### To do
Set down all of the data exactly. Pictures stay out of the copy.

[Stored data Boundary: Start]

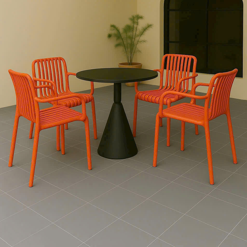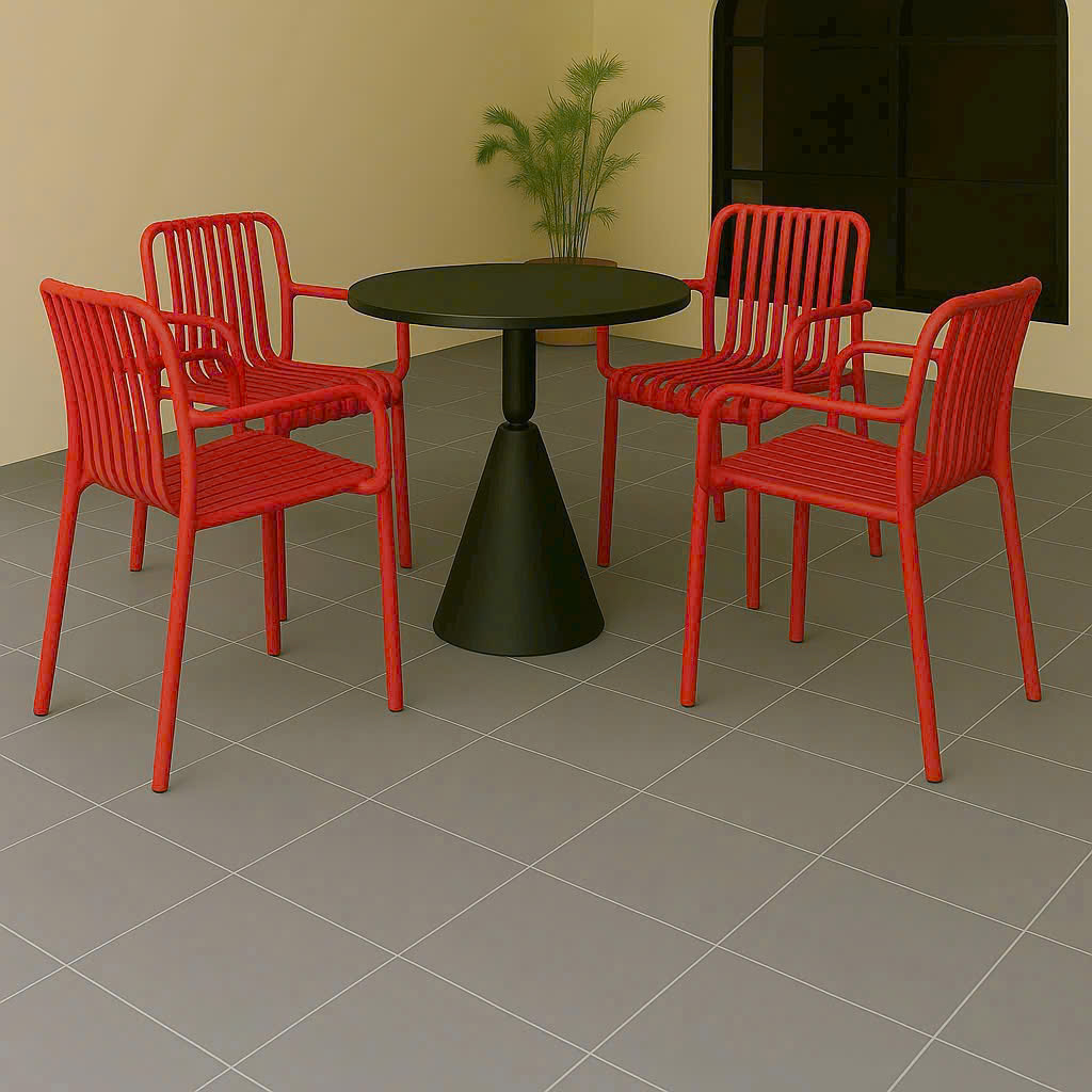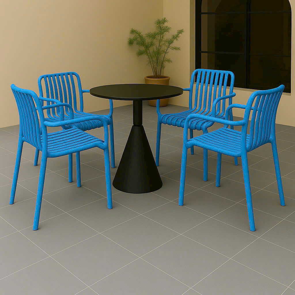 Bàn cafe mặt đá tròn PV-ST020 kết hợp 4 ghế sang trọng
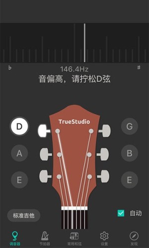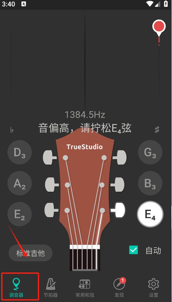 1、打开调音器功能,查看当前吉他弦的音高,并根据提示调整琴弦。
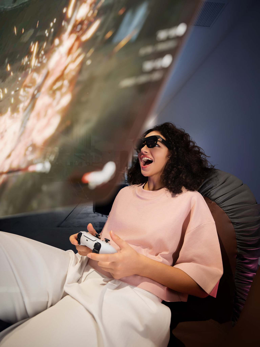 - Movies & shows – watch on a 171-inch equivalent screen from your couch, flight, or anywhere
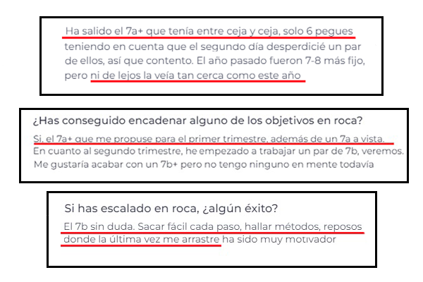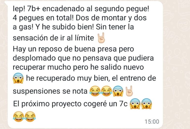 Gracias a mejorar sus puntos débiles y realizar un entrenamiento en roca mejoró su táctica y consiguió encadenar 7b+ en 6 semanas. Sus palabras:

[Stored data Boundary: End]

### Response to this exercise
 Bàn cafe mặt đá tròn PV-ST020 kết hợp 4 ghế sang trọng
 1、打开调音器功能,查看当前吉他弦的音高,并根据提示调整琴弦。
 - Movies & shows – watch on a 171-inch equivalent screen from your couch, flight, or anywhere
 Gracias a mejorar sus puntos débiles y realizar un entrenamiento en roca mejoró su táctica y consiguió encadenar 7b+ en 6 semanas. Sus palabras:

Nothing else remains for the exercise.